To Defeat a NY Slip & Fall Claim, Denying Defect Isn't Enough
So, at the risk of redundancy, here goes.
If a property owner has been sued in negligence due to a slip and fall accident that resulted in personal injuries, there are often a number of ways that this defendant can secure dismissal from the case prior to trial - particularly given that plaintiffs often have difficulty establishing that the defendant either created the defective condition, or knew or should have known about the condition, but did not remedy the condition in a timely fashion. (As you may recall, this is called the doctrine of actual or constructive notice).
So you might be inclined to believe that a defendant can be excused, or dismissed, from the case by merely denying that he had any role in creating the defect, and had no knowledge of it, right?

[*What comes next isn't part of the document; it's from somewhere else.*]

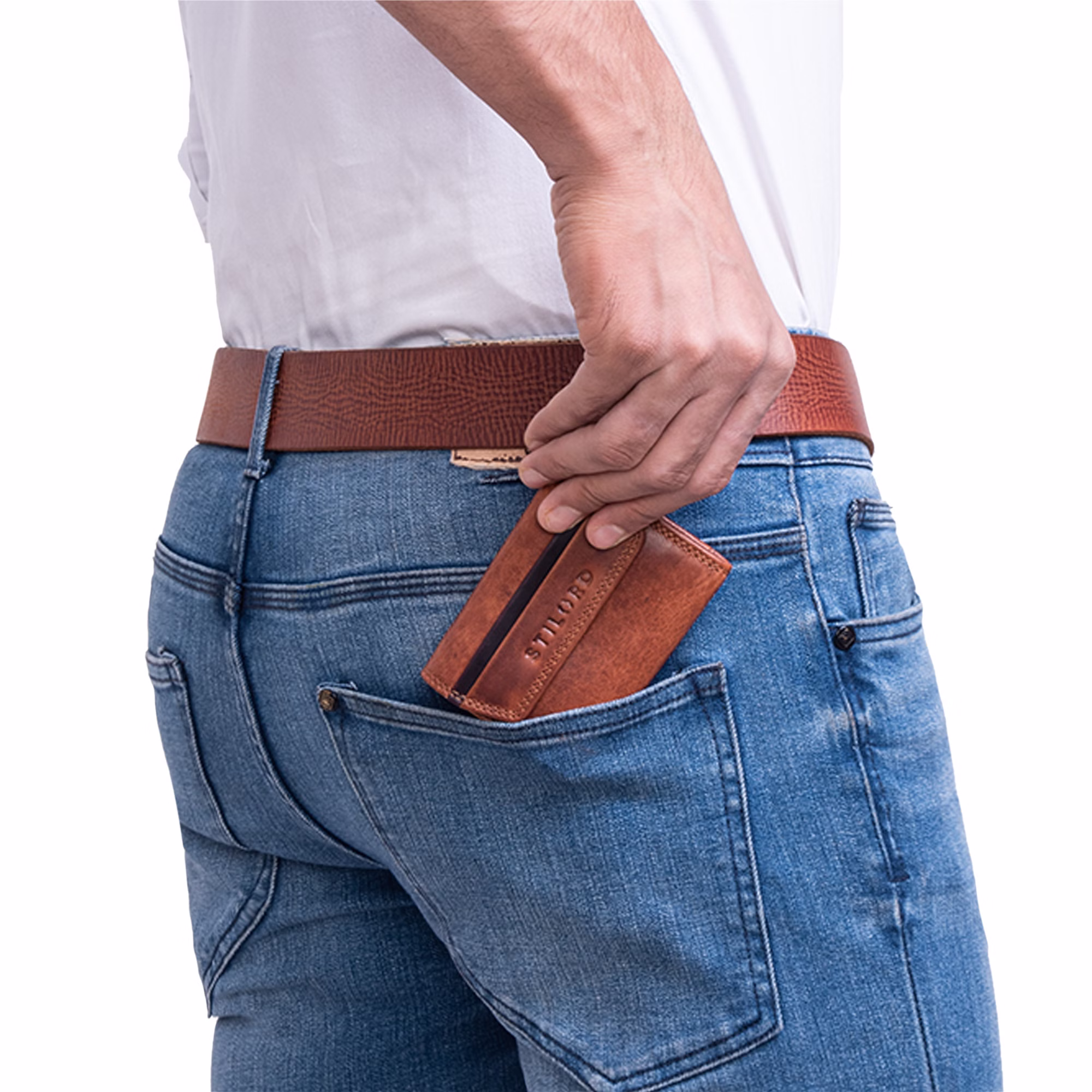 - "Bowie" 3-en-solution : petit porte-clés avec portefeuille en cuir véritable de la jeune marque STILORD pour une organisation pratique des clés, de l'argent et plus encore.

As a Bronx County judge in Aponte v. Mohegan Apartments Assoc. reminded us in a June 30 opinion that is scheduled to appear in tomorrow's edition of the New York Law Journal,
"To meet their initial burden regarding lack of notice, the defendants must offer some evidence as to when the area in question was last cleaned or inspected relative to the time when the plaintiff fell (see Nugent v. 1235 Concourse Tenants Corporation, et al., 83 A.D.3d 532, 920 N.Y.S.2d 660 [App Div 1st Dept 2011]; Sabalza v. Salgado, 2011 WL 2183978 (App Div 1st Dept), 2011 N.Y. Slip Op. 04732; Cignarella v. Anjoe-A.J. Market Inc., 68 A.D.3d 560, 561, 890 N.Y.S.2d 542 [App Div 1st Dept 2009]; Porco v. Marshall's Department Stores, 30 A.D.3d 284, 285, 817 N.Y.S.2d 268 [App Div 1st Dept 2006])."